Disaster Recovery for Streaming Workloads¶
🌊 Real-Time Resilience Ensure continuous operation of streaming analytics pipelines with geo-DR, high availability, and automatic failover capabilities.
📋 Table of Contents¶
- Streaming DR Architecture
- Event Hubs Geo-DR
- Stream Analytics High Availability
- Failover Procedures
- State Management and Recovery
- Testing and Validation
Streaming DR Architecture¶
Reference Architecture¶
graph TB
P[Producers] -->|Events| EH1[Event Hub Primary]
EH1 -.->|Geo-DR Metadata| EH2[Event Hub Secondary]
EH1 -->|Events| SA1[Stream Analytics Primary]
EH2 -.->|Standby| SA2[Stream Analytics Secondary]
SA1 -->|Output| OUT1[Primary Outputs]
SA2 -.->|Standby| OUT2[Secondary Outputs]
SA1 -->|Checkpoints| ST1[Storage Primary]

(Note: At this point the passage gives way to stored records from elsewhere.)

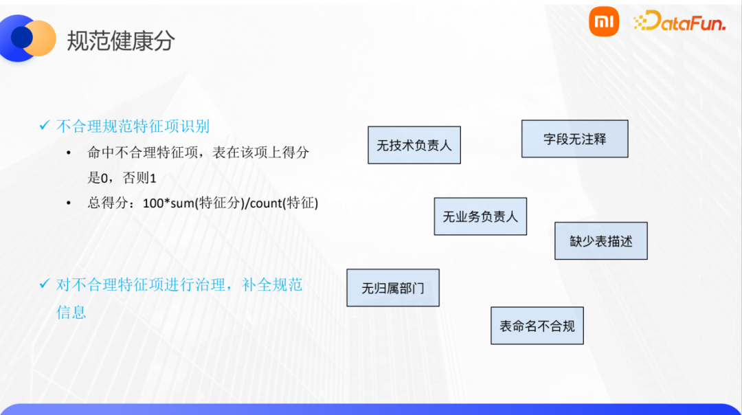 A:因为我们有元仓的建设,我们会把每个表的访问日志做数据采集,包括访问时间,访问的数据量等,依此可以统计访问频次和访问量。判断开始是否符合规范也是基于元仓数据,通过表的元数据判断是否有注释、owner等,通过表名拆解判断是否符合命名规范。
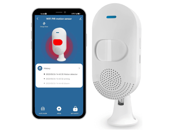 - Instant Alarm Activation: – Detect motion with a 90° sensing angle and trigger a 75dB alarm along with alert notifications on a smartphone via the app.
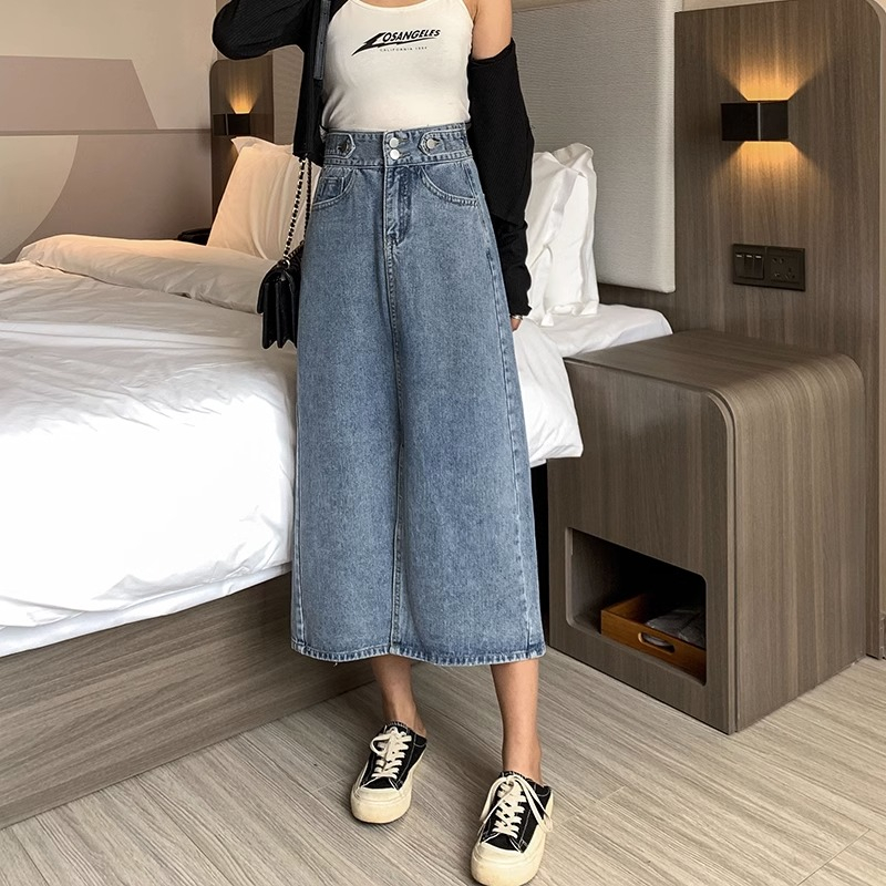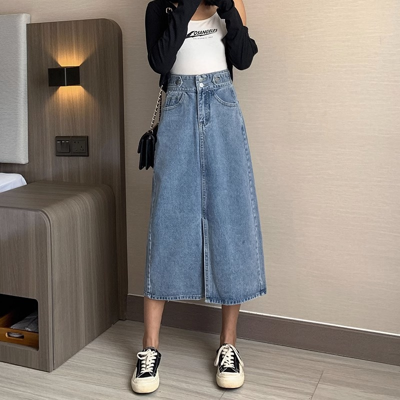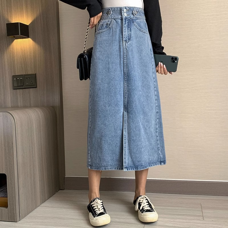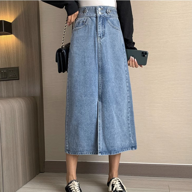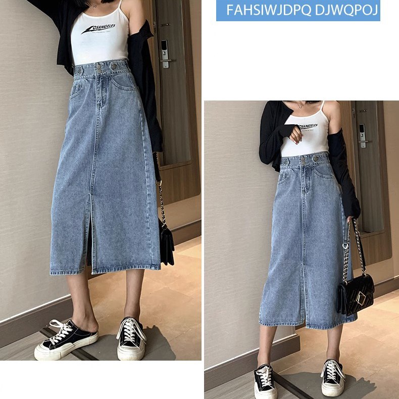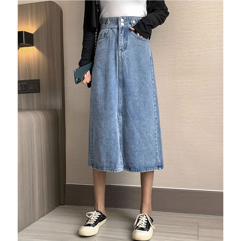 EMILY ROK-BIRU HIGHWAIST KASUAL ROK JEANS A-LINE MIDI ROK
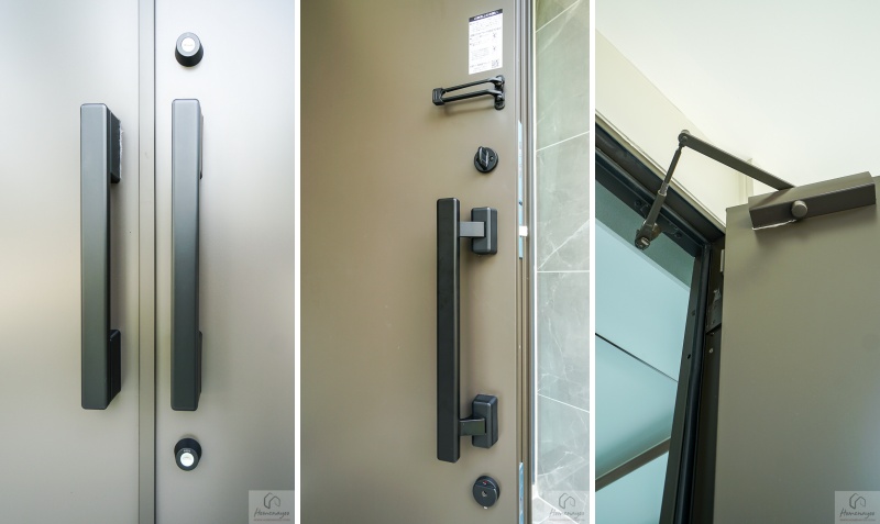 ส่วนวัสดุภายในบ้านได้ของดีมีคุณภาพ เริ่มตั้งแต่ประตูหน้าบ้านบานเปิดแบบคู่ GIESTA by TOSTEM พร้อมมือจับประตูของ Lixil เทคโนโลยีจากญี่ปุ่น หน้าต่างทุกบานได้กระจกใสเขียวตัดแสง พื้นชั้นล่างเป็นกระเบื้องแกรนิตโต้ขนาด 60 x 120 ซม. พื้นชั้น 2 เป็น Compound ไม้สัก บันไดบ้านเป็น คสล. ลูกตั้งลูกนอนเป็นไม้สัก ผนังจะได้ฉาบเรียบติดวอลเปเปอร์ทั้งหลัง
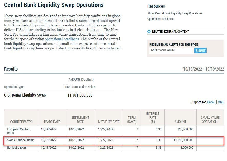 10 月 19 日週三,美國紐約聯儲官網的央行流動性互換操作紀錄顯示,美聯儲繼續對瑞士央行、歐洲央行和日本央行進行了合計 113 億美元的美元流動性互換操作。主要是為瑞士央行提供了 110.9 億美元的流動性。
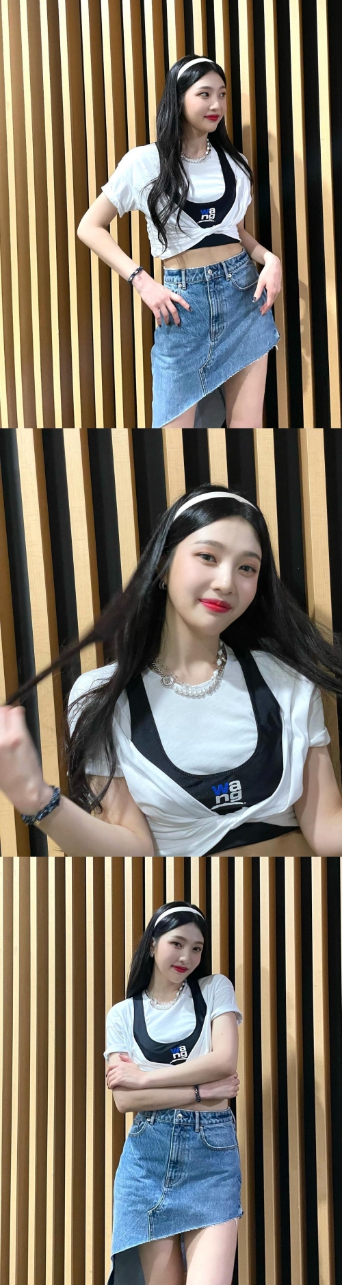 何より目を引くのは、デニムスカート。斜めにカットされており、ジョイの白い美脚が露出している。
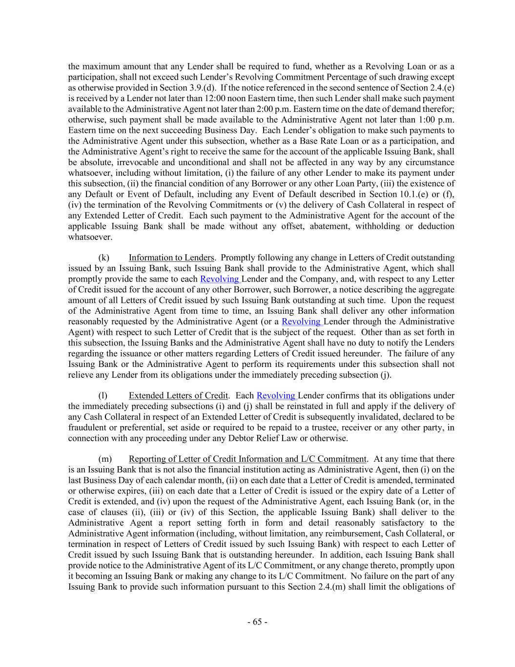 - 65 - the maximum amount that any Lender shall be required to fund, whether as a Revolving Loan or as a participation, shall not exceed such Lender’s Revolving Commitment Percentage of such drawing except as otherwise provided in Section 3.9.(d). If the notice referenced in the second sentence of Section 2.4.(e) is received by a Lender not later than 12:00 noon Eastern time, then such Lender shall make such payment available to the Administrative Agent not later than 2:00 p.m. Eastern time on the date of demand therefor; otherwise, such payment shall be made available to the Administrative Agent not later than 1:00 p.m. Eastern time on the next succeeding Business Day. Each Lender’s obligation to make such payments to the Administrative Agent under this subsection, whether as a Base Rate Loan or as a participation, and the Administrative Agent’s right to receive the same for the account of the applicable Issuing Bank, shall be absolute, irrevocable and unconditional and shall not be affected in any way by any circumstance whatsoever, including without limitation, (i) the failure of any other Lender to make its payment under this subsection, (ii) the financial condition of any Borrower or any other Loan Party, (iii) the existence of any Default or Event of Default, including any Event of Default described in Section 10.1.(e) or (f), (iv) the termination of the Revolving Commitments or (v) the delivery of Cash Collateral in respect of any Extended Letter of Credit. Each such payment to the Administrative Agent for the account of the applicable Issuing Bank shall be made without any offset, abatement, withholding or deduction whatsoever. (k) Information to Lenders. Promptly following any change in Letters of Credit outstanding issued by an Issuing Bank, such Issuing Bank shall provide to the Administrative Agent, which shall promptly provide the same to each Revolving Lender and the Company, and, with respect to any Letter of Credit issued for the account of any other Borrower, such Borrower, a notice describing the aggregate amount of all Letters of Credit issued by such Issuing Bank outstanding at such time. Upon the request of the Administrative Agent from time to time, an Issuing Bank shall deliver any other information reasonably requested by the Administrative Agent (or a Revolving Lender through the Administrative Agent) with respect to such Letter of Credit that is the subject of the request. Other than as set forth in this subsection, the Issuing Banks and the Administrative Agent shall have no duty to notify the Lenders regarding the issuance or other matters regarding Letters of Credit issued hereunder. The failure of any Issuing Bank or the Administrative Agent to perform its requirements under this subsection shall not relieve any Lender from its obligations under the immediately preceding subsection (j). (l) Extended Letters of Credit. Each Revolving Lender confirms that its obligations under the immediately preceding subsections (i) and (j) shall be reinstated in full and apply if the delivery of any Cash Collateral in respect of an Extended Letter of Credit is subsequently invalidated, declared to be fraudulent or preferential, set aside or required to be repaid to a trustee, receiver or any other party, in connection with any proceeding under any Debtor Relief Law or otherwise. (m) Reporting of Letter of Credit Information and L/C Commitment. At any time that there is an Issuing Bank that is not also the financial institution acting as Administrative Agent, then (i) on the last Business Day of each calendar month, (ii) on each date that a Letter of Credit is amended, terminated or otherwise expires, (iii) on each date that a Letter of Credit is issued or the expiry date of a Letter of Credit is extended, and (iv) upon the request of the Administrative Agent, each Issuing Bank (or, in the case of clauses (ii), (iii) or (iv) of this Section, the applicable Issuing Bank) shall deliver to the Administrative Agent a report setting forth in form and detail reasonably satisfactory to the Administrative Agent information (including, without limitation, any reimbursement, Cash Collateral, or termination in respect of Letters of Credit issued by such Issuing Bank) with respect to each Letter of Credit issued by such Issuing Bank that is outstanding hereunder. In addition, each Issuing Bank shall provide notice to the Administrative Agent of its L/C Commitment, or any change thereto, promptly upon it becoming an Issuing Bank or making any change to its L/C Commitment. No failure on the part of any Issuing Bank to provide such information pursuant to this Section 2.4.(m) shall limit the obligations of

SA2 -.->|Replicated| ST2[Storage Secondary]
subgraph Primary Region
EH1
SA1
OUT1
ST1
end
subgraph Secondary Region
EH2
SA2
OUT2
ST2
end Availability Targets¶
| Component | SLA | RTO Target | RPO Target | Failover Type |
|---|---|---|---|---|
| Event Hubs Geo-DR | 99.9% | 5-15 min | 0 (metadata only) | Manual |
| Event Hubs Standard | 99.95% | N/A | Real-time | N/A |
| Stream Analytics | 99.9% | 15-30 min | 5-15 min | Manual |
| Storage (GRS) | 99.99% | 1-2 hours | 15 min | Microsoft-initiated |
Event Hubs Geo-DR¶
Geo-DR Configuration¶
Create Geo-DR Pairing¶
# Create primary Event Hubs namespace
az eventhubs namespace create \
--resource-group rg-streaming-primary \
--name eventhub-primary \
--location eastus \
--sku Standard \
--capacity 2
# Create secondary Event Hubs namespace
az eventhubs namespace create \
--resource-group rg-streaming-secondary \
--name eventhub-secondary \
--location westus \
--sku Standard \
--capacity 2
# Create Geo-DR pairing (alias)
az eventhubs georecovery-alias set \
--resource-group rg-streaming-primary \
--namespace-name eventhub-primary \
--alias eventhub-dr-alias \
--partner-namespace "/subscriptions/{sub-id}/resourceGroups/rg-streaming-secondary/providers/Microsoft.EventHub/namespaces/eventhub-secondary"
# Verify pairing status
az eventhubs georecovery-alias show \
--resource-group rg-streaming-primary \
--namespace-name eventhub-primary \
--alias eventhub-dr-alias \
--query '{role:role, partnerNamespace:partnerNamespace, provisioningState:provisioningState}'
Producer Configuration for Geo-DR¶
from azure.eventhub import EventHubProducerClient, EventData
# Use alias endpoint (automatically routes to active namespace)
ALIAS_CONNECTION_STRING = "Endpoint=sb://eventhub-dr-alias.servicebus.windows.net/..."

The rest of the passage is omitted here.